═══ Provided records
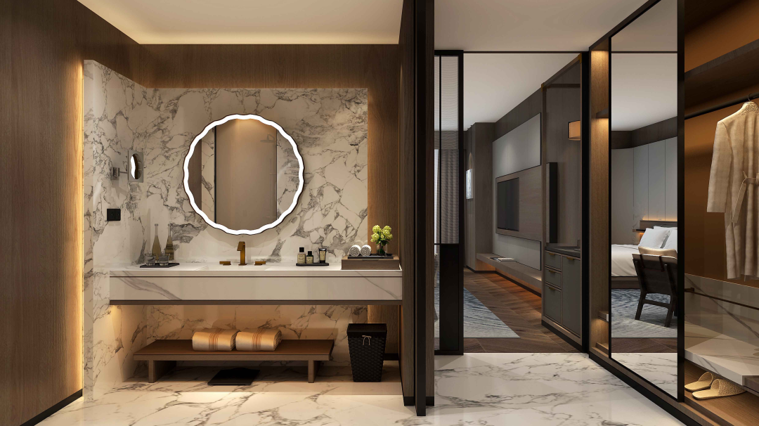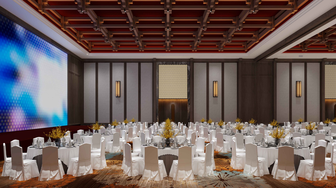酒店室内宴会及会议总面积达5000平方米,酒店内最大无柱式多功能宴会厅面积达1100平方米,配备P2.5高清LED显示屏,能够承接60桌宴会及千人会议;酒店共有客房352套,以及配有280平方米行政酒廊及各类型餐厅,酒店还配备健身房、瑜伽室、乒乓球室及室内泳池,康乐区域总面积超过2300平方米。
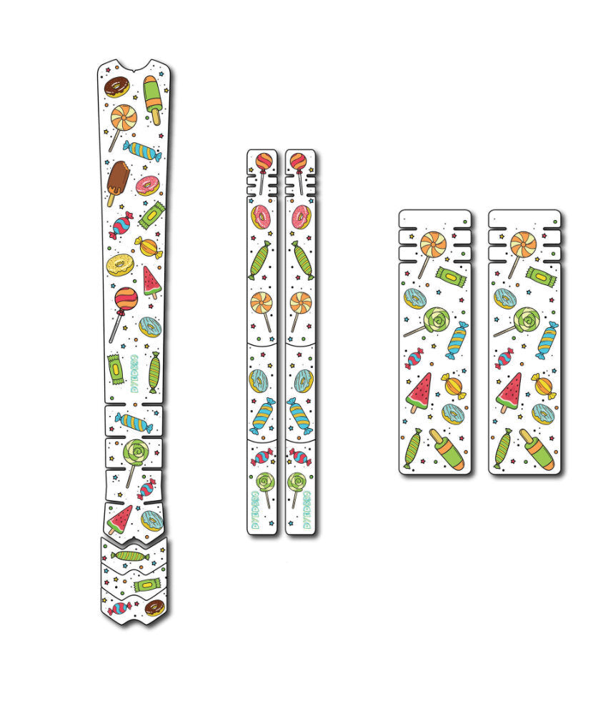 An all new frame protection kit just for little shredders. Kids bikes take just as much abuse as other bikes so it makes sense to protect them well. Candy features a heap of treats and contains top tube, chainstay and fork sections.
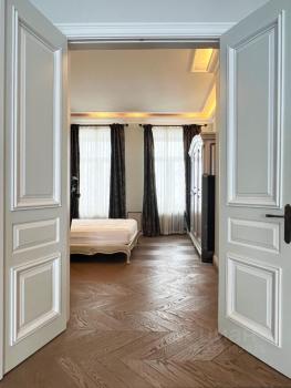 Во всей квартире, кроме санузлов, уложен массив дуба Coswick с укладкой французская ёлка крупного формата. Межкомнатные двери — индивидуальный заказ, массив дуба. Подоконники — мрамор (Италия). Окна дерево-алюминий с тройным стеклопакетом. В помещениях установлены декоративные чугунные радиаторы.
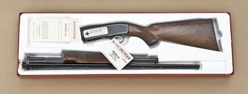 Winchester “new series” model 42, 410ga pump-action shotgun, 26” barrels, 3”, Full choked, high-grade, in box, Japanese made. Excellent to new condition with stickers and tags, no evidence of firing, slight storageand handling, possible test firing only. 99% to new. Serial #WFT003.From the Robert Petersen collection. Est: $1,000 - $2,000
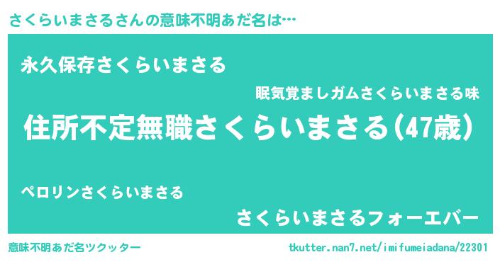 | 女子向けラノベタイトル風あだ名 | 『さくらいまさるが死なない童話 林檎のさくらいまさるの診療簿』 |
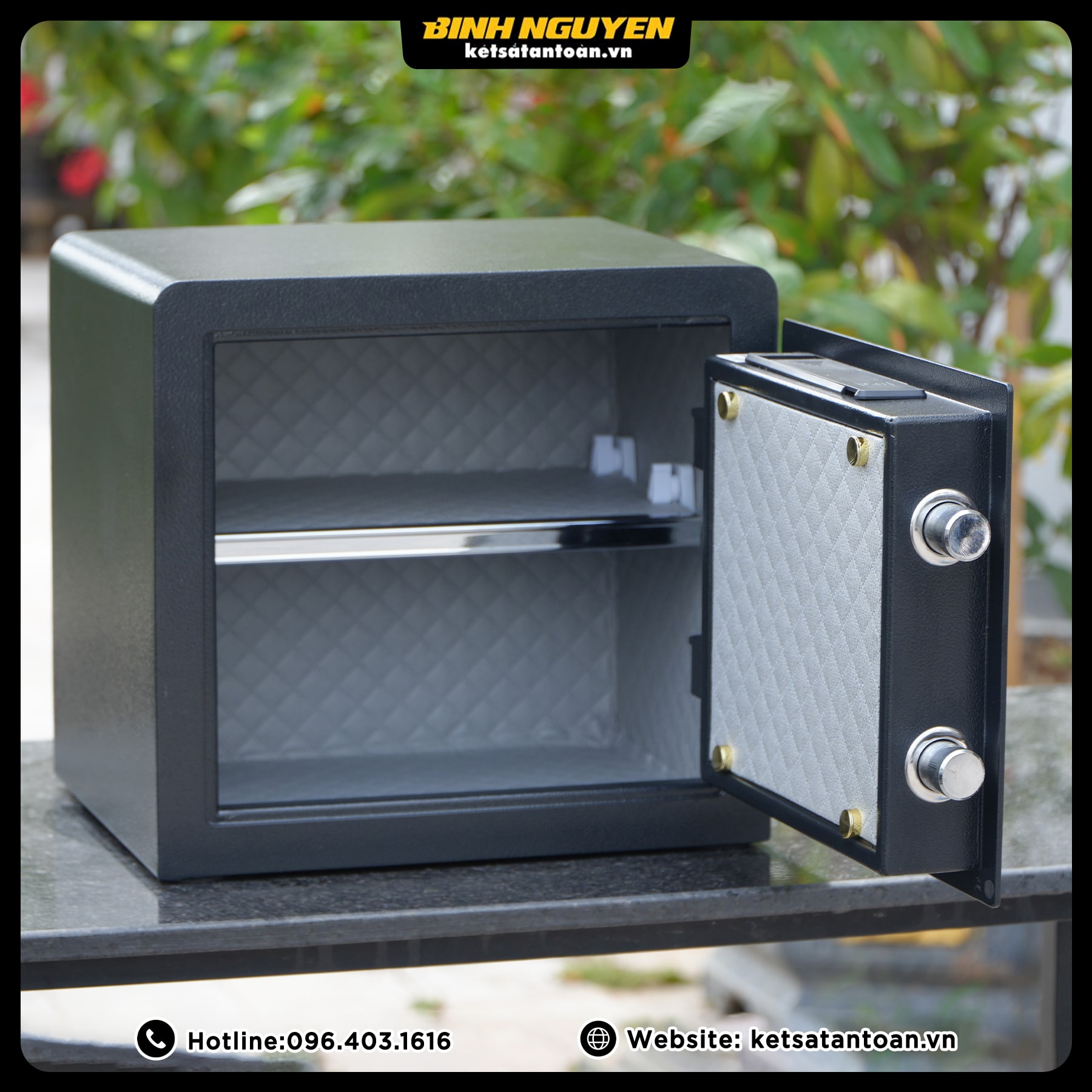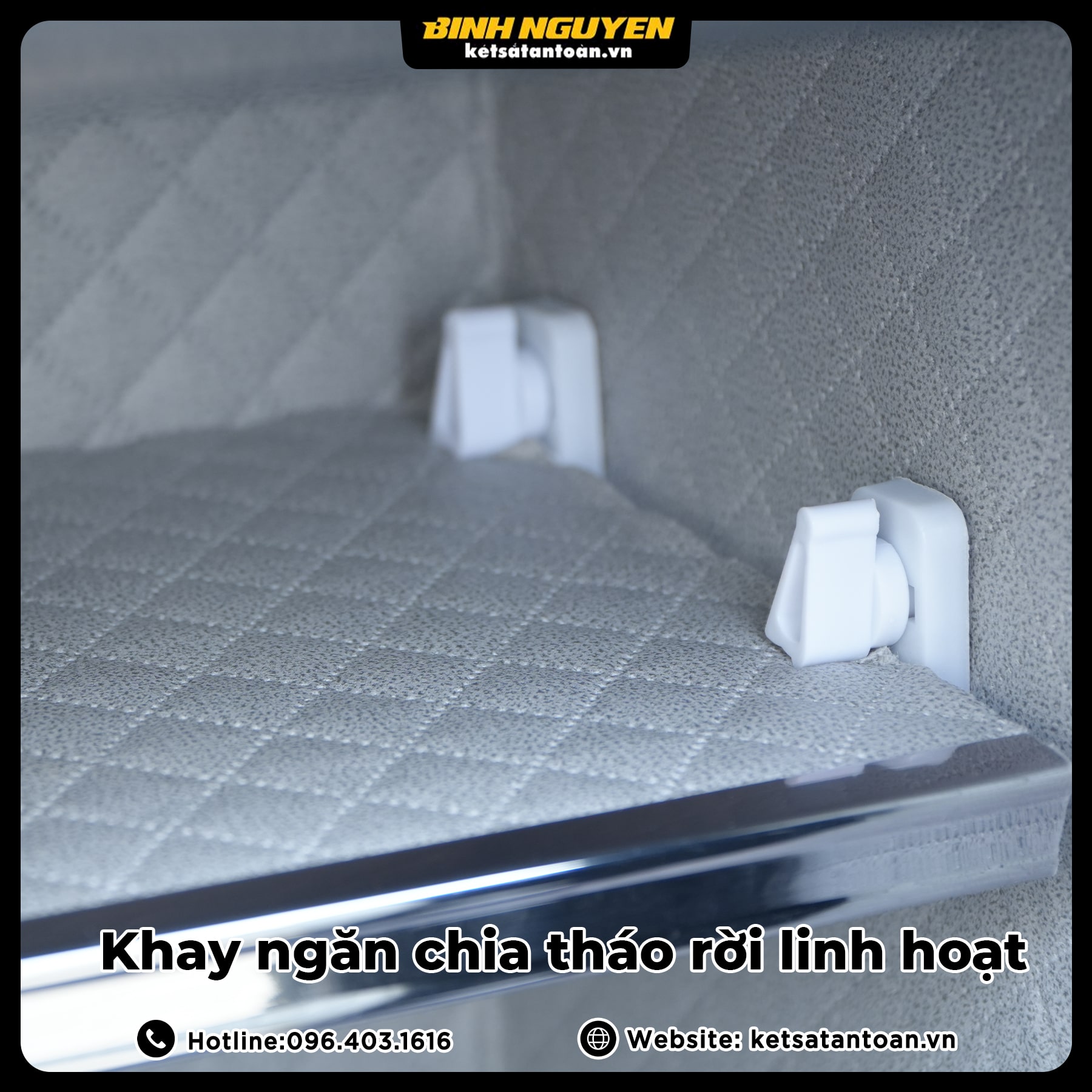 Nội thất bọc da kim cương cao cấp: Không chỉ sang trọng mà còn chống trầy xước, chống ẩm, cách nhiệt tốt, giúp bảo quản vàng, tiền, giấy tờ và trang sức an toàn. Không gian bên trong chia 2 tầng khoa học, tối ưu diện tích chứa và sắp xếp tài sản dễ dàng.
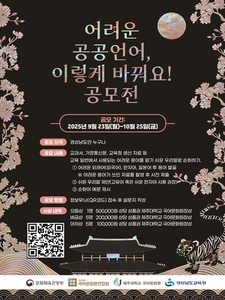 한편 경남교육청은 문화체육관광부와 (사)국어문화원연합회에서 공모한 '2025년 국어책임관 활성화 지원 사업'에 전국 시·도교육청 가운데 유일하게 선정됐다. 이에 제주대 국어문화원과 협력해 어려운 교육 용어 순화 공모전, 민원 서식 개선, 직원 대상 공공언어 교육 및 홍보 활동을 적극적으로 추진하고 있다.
══════
## Task
In the records above, take every line from the opening one through the line with "An all new frame" and repeat it exactly; pictures are not part of the copy.

## Output
酒店室内宴会及会议总面积达5000平方米,酒店内最大无柱式多功能宴会厅面积达1100平方米,配备P2.5高清LED显示屏,能够承接60桌宴会及千人会议;酒店共有客房352套,以及配有280平方米行政酒廊及各类型餐厅,酒店还配备健身房、瑜伽室、乒乓球室及室内泳池,康乐区域总面积超过2300平方米。
 An all new frame protection kit just for little shredders. Kids bikes take just as much abuse as other bikes so it makes sense to protect them well. Candy features a heap of treats and contains top tube, chainstay and fork sections.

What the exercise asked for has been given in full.